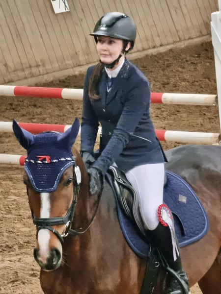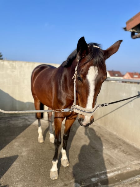 Montana überzeugt in der Arbeit durch Rittigkeit, Motivation und Engagement. Sie möchte ihrem Reiter immer gefallen, ist leicht in der Hand und macht Spaß. Sie bringt eine toll zu sitzende, elastische Galoppade und ein super Reitgefühl mit. Im Parcours verfügt sie über genügend Go, ohne heiß zu werden. Sie kennt zuverlässig ihren Job und ist am Sprung nicht guckig. Ich könnte sie mir auch sehr gut im Hunterbereich vorstellen. Durch ihre Grundqualität, gute Grundgangarten und Rittigkeit eignet sie sich als moderner, sportlicher Typ ebenfalls fürs Viereck. Auch als gehobenes Freizeitpferd einsetzbar. Im täglichen Umgang ist sie brav, zudem schmiede- und verladefromm. Sie ist regelmäßig geimpft, entwurmt und in osteopathischer Betreuung. Die Zähne wurden 2025 gemacht. Erfolge: • Springpferde A mit Noten bis 7,8 (2. Platz) • Stilspringen gewonnen mit 8,1 • Springpferde L gelaufen • Aufgrund Babypause in 2024 nicht und in 2025 wenig von mir vorgestellt, unverbraucht! Probereiten ist nach Absprache jederzeit möglich. Transport kann auf Wunsch übernommen werden.
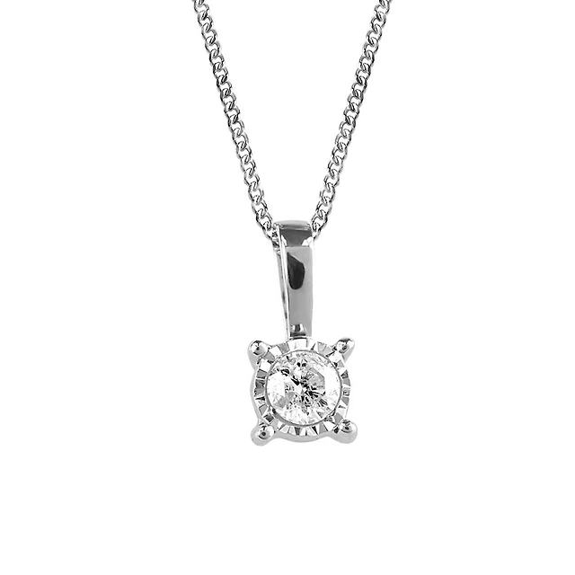 Previously Owned - 0.20 CT. Diamond Solitaire Tension Pendant in 14K White Gold (I/I2) - 17''
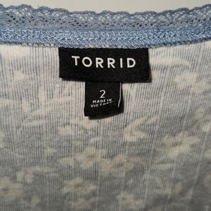 Elegant blue blouse with white floral design. Features short sleeves. Perfect for casual outings.
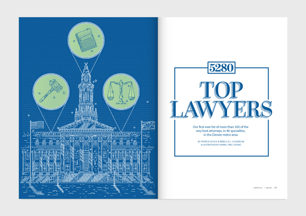 Commissioned to illustrate Denver's City Hall with corresponding spot illustrations for 5280 Magazine. Art Director: Amanda Croy
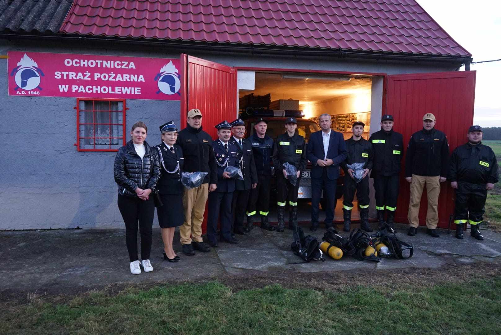 Podczas spotkania Wojewoda Wielkopolski Michał Zieliński zapoznał się z wyposażeniem jednostki Ochotniczej Straży Pożarnej w Pacholewie. Na ręce Prezes Ochotniczej Straży Pożarnej Pacholewo dh. Grażyny Klimczak przekazał sprzęt ochrony układu oddechowego – aparaty powietrzne wraz z maskami Drager, pochodzące z rezerwy Wielkopolskiego Komendanta Wojewódzkiego Państwowej Straży Pożarnej w celu poprawy gotowości bojowej jednostki. Na zakończenie spotkania Druhowie przedstawili najważniejsze kwestie związane z funkcjonowaniem jednostki Ochotniczej Straży Pożarnej w Pacholewie oraz plany związane z inwestycjami na przyszłość.

* **Task requirements**
Write out the lines of the entries above exactly, beginning with the first and ending with the line that contains "Commissioned to illustrate". No picture goes in.

* **Answer space**
 Montana überzeugt in der Arbeit durch Rittigkeit, Motivation und Engagement. Sie möchte ihrem Reiter immer gefallen, ist leicht in der Hand und macht Spaß. Sie bringt eine toll zu sitzende, elastische Galoppade und ein super Reitgefühl mit. Im Parcours verfügt sie über genügend Go, ohne heiß zu werden. Sie kennt zuverlässig ihren Job und ist am Sprung nicht guckig. Ich könnte sie mir auch sehr gut im Hunterbereich vorstellen. Durch ihre Grundqualität, gute Grundgangarten und Rittigkeit eignet sie sich als moderner, sportlicher Typ ebenfalls fürs Viereck. Auch als gehobenes Freizeitpferd einsetzbar. Im täglichen Umgang ist sie brav, zudem schmiede- und verladefromm. Sie ist regelmäßig geimpft, entwurmt und in osteopathischer Betreuung. Die Zähne wurden 2025 gemacht. Erfolge: • Springpferde A mit Noten bis 7,8 (2. Platz) • Stilspringen gewonnen mit 8,1 • Springpferde L gelaufen • Aufgrund Babypause in 2024 nicht und in 2025 wenig von mir vorgestellt, unverbraucht! Probereiten ist nach Absprache jederzeit möglich. Transport kann auf Wunsch übernommen werden.
 Previously Owned - 0.20 CT. Diamond Solitaire Tension Pendant in 14K White Gold (I/I2) - 17''
 Elegant blue blouse with white floral design. Features short sleeves. Perfect for casual outings.
 Commissioned to illustrate Denver's City Hall with corresponding spot illustrations for 5280 Magazine. Art Director: Amanda Croy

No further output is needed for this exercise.